As one of the participants in the research said: “There are three ways of dealing with people: you can do TO them, FOR them or WITH them. The historic experience for Aboriginal people is the done to, or done for, experience. We need to be doing it WITH them.”
The report finds that devolving decision-making to Aboriginal communities should not be seen as an end in itself. It should be a means of practising different ways of working with Aboriginal people that involve sharing knowledge and power, collaborating, and responding to local contexts. If this is done the ultimate result will be better shared outcomes for communities.
Whilst the Australian and international literature highlights many barriers to effective collaboration with Indigenous communities there are very few specific recommendations which go beyond ‘rhetoric’. Rhetoric to Reality provides a range of concrete approaches that NSW Government departments can consider.

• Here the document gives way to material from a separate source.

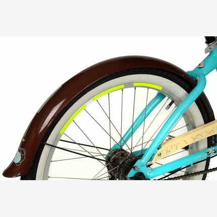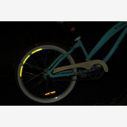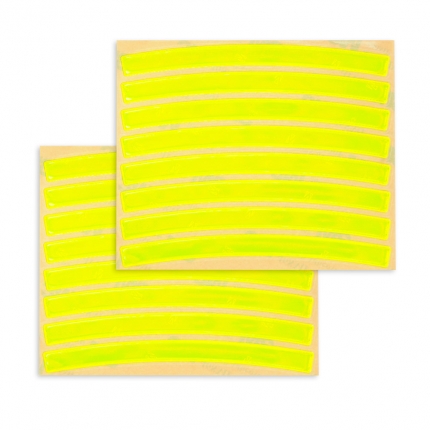 Zestaw składa się z dwóch arkuszy z naklejkami w kształcie wygiętych pasków - po jednym komplecie na każde koło rowerowe.

The report’s three key recommendations are that:
- Cultural competence is most effective when it is localised, ongoing and taught on-Country. Local communities could benefit from being engaged in this teaching.
- Public-sector leaders who are fully committed to cultural competence are most likely to establish collaboration with Aboriginal communities as a routine approach within government. Examples of successful leadership of this kind should be recognised and publicised across the public sector.
- Aboriginal public servants should be supported and nurtured, and should be seen as critically important for a culturally competent NSW public service.
Rhetoric to Reality was prepared as part of the capstone Work Based Project subject by ANZSOG Executive Master of Public Administration students Laura Andrew, Jane Cipants, Sandra Heriot, Prue Monument, Grant Pollard and Peter Stibbard. It exemplifies the quality of applied research conducted by ANZSOG’s EMPA students and the potential impact when our students partner with a government agency to help drive change.
The research involved interviews and focus groups with senior executives and frontline public servants in Sydney and regional NSW, to get their perspective on what needed to change to lift the impact of programs on the Aboriginal community.
All recognised the importance of cultural change, and the value of ensuring that successful programs, designed in partnership with local communities, were used as examples to improve results elsewhere.
Rhetoric to Reality will be available across the NSW public service as a valuable resource to ensure that government support for Aboriginal people delivers benefits to those communities.